Monday, August 12, 2013
Good Reads: Dark Knight of the Soul
I currently have subscriptions to three separate Batman titles. My home library has a dedicated Batman shelf. I have a different Batman shirt for just about every day of the week (not including my hoodie, pajamas and ubiquitous hat). My only contribution to decorating Lil Grinder’s room was installing a Bat Signal night light. I’ve been known to blow whole weekends watching Batman movies, starting with Adam West and working my way up to Christian Bale, only stirring from the couch as my bladder and stomach demand. I would go gay for Kevin Conroy. What I’m trying to say is I have a thing for Batman. (My wife would say that “thing” is an “obsession,” but what do she and that psychologist at my intervention know?) Grant Morrison and Dave McKean’s Arkham Asylum is my favorite Dark Knight story. No other Batman tale is as visually arresting, artistically dazzling or as thematically rich as the hypnogogic menagerie of Carroll-ian revelry McKean and Morrison magicked up in 1989. The very loose inspiration for the game of the same name, Arkham Asylum locks Batman in the titular madhouse to be h(a)unted by a roster of his most challenging villains after the Joker springs them loose on April Fool’s Day. From there, Morrison weaves a symbolic, psychologically rich story that casts Batman in a whole new light, forcing him on to the path of the hero’s journey as he plumbs the depths of his own fear. Let’s just say it’s not every day you see the Dark Knight crying for his mommy like a little bitch. It also turned the Mad Hatter from a B-list joke to one of the absolutely creepiest villains in the entire rogue’s gallery. McKean's impressionistic, multi-modal art would only intensify the fractured, dreamlike logic that pervaded the entire story. Unlike the Bat-titles Morrison would pen later, here he has no interest in rehashing the mythos of the stoic Caped Crusader and his implacable quest for justice. Instead, Morrison breaks down Batman psychologically, forcing Gotham’s favorite crypto-fascist plutocrat to contemplate the warped motives that would drive a man to dress up in a rubber suit and spend his nights beating up the diseased and deformed, the impoverished and insane.
A representative passage:
“Afraid? Batman’s not afraid of anything. It’s ME. I’M afraid. I’m afraid the Joker may be RIGHT about me. Sometimes I… QUESTION the rationality of my actions.
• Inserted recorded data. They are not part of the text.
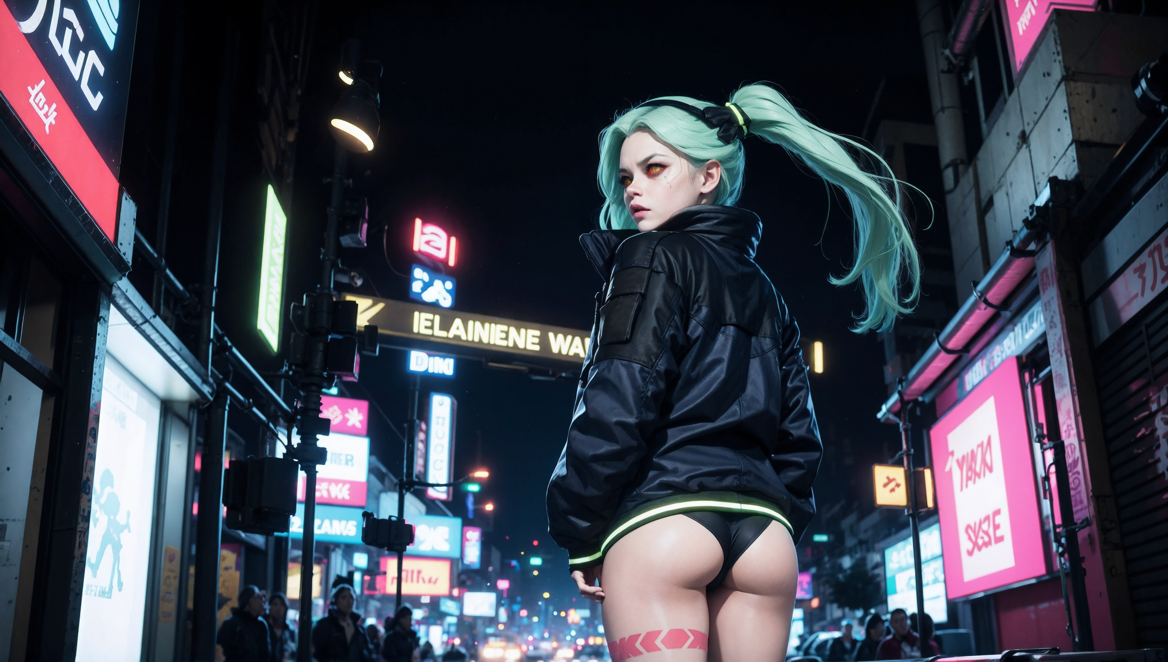 ((best quality)), ((detailed)), ((masterpiece)), Rebecca walking in a depressed looking alleyway, futuristic, cyberpunk, solo, <lora:rebecca_v1:0.9> 1girl, rebecca \(cyberpunk\), solo, twintails, black hairband mechanical eye, colored sclera, red sclera, colored skin, white skin, leg tattoo, neck tattoo, green hair, thong, red pupils, skin fang, red eyes, black jacket, thick ass, cinematic, illustration, <lora:ass_from_below:0.6>, ass_from_below, night, dark sky, neon hue, wide shot, hands in jacket pocket, vibrant
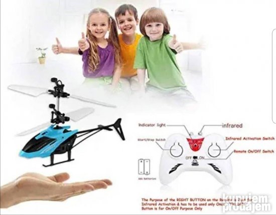 Helikopter za decu koji leti do 5 m u visinu pritiskom na dugme pokreću se elise takođe može leteti pomocu daljinskog i moze da lebdi iznad ruke ili najviše do 5 m iznad nje baterije su punjive i jednostavno se pune putem USB kabla vreme leta od 7 do 10 minuta vreme punjenja helikoptera do 30 minuta
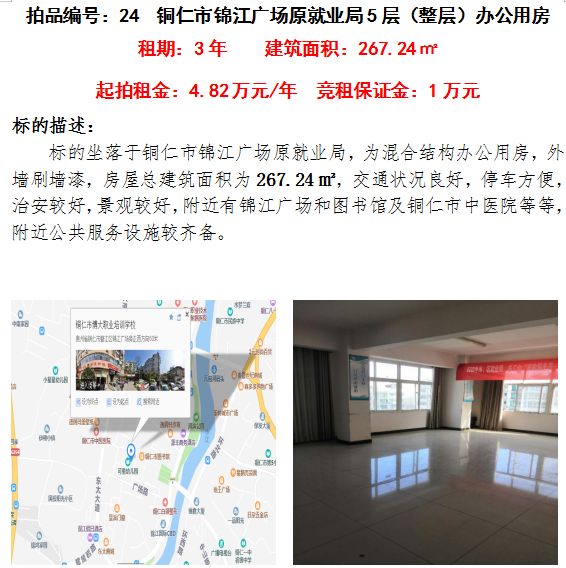 5、銅仁市錦江廣場(chǎng)原就業(yè)局第五樓辦公用房3年租賃權(quán)(建筑面積:267.24㎡);起拍租金單價(jià):4.82萬元/年;競(jìng)租保證金:1萬元;
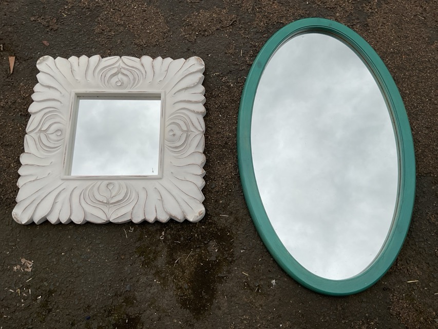 A modern square mirror in deep leaf moulded painted frame - 23.5in; and an oval mirror in painted frame - 39in. (2)

And I’m afraid that when I walk through those asylum gates… When I walk into ARKHAM and the doors close behind me… It’ll be just like coming home.”
The album: Tree of No Return by Tusk
While not Batman themed (and oh does the world ever need a Batman themed grind band!), Tusk’s grind/sludge masterpiece is psychological horror tale about a dude getting lost in the woods, going insane from exposure and dehydration and eventually getting eaten by bears. Both Arkham Asylum and Tree of No Return are possessed by the notion of how your surroundings can affect your outlook (the relevant phobias being claustro- and agora-, respectively), something that has intrigued me since my first visit to the psychological gauntlet of the Holocaust Museum. The wide open woods have never felt so fraught as they do in the hands of 75 percent of Pelican gone grind. The songs blast and snarl at the start but elongate and warp as the album wears on, drawing out into sludgy psychedelia as our protagonist loses not only his sense of direction but his sense of self. It’s much the same psychological breakdown Batman suffers in the shadow-haunted halls of Arkham.
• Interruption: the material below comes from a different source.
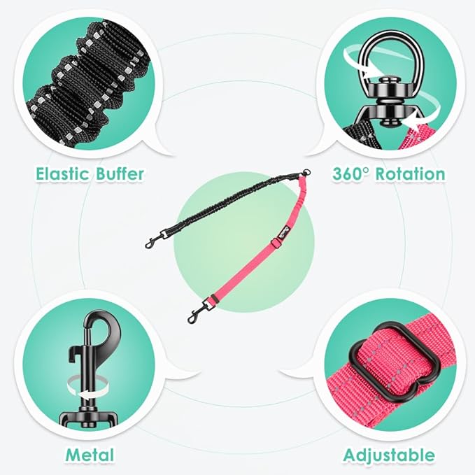 - COMFORTABLE & ADJUSTABLE --- Good adjustable length from 16.5 inch/42cm to 22.4 inch/ 60cm, the doubled elastic part up to 31.5 inch/80cm, so your dogs can get themselves comfy without restriction, suitable for walking a small dog with energetic or active dogs. What's more, the stretchiness of the leash splitter allows the smaller one to tug a little without bothering the other dog, and move freely around you.
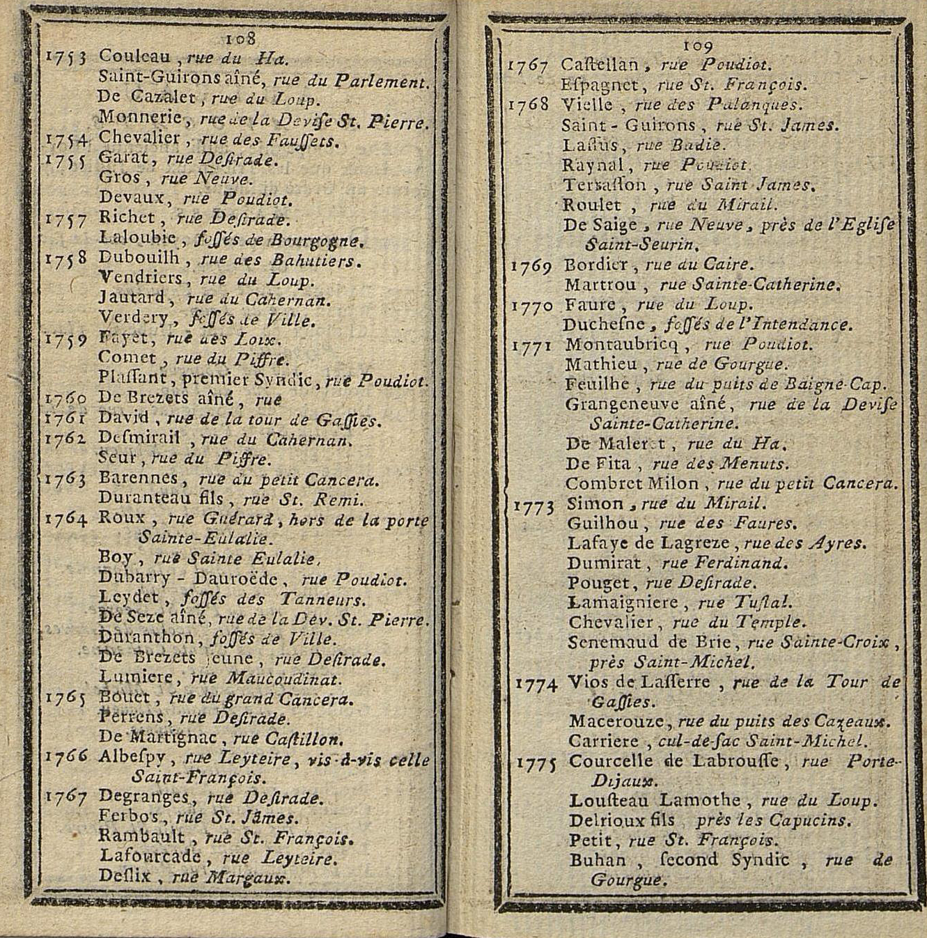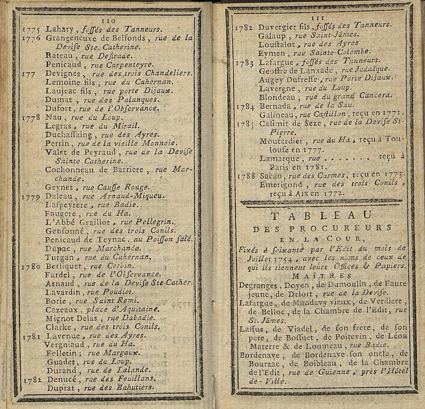 porte les noms de 160 avocats avec notamment Garat (inscrit en 1755), Duranthon (1764), Grangeneuve (1771), Gensonné (1779), Guadet et Vergniaud (1781).

A representative song: “Starvation Dementia”
Black swarms cut the moon apart. Leather wings carry rabid heart. Skyward hordes over moon-swept wood. Wraiths of madness fro blackest earth. Lunarscape shown bright, now gone. Nowhere lands orbit on. Unseen vissoth stir about. Hidden something , crawling sounds whipper out there from a rock, scratching round tree bark.
No more feeling like a human being. Necron spider limbs rattle along herky jerky from wilderness to beyond. No more feeling like a human being. No more.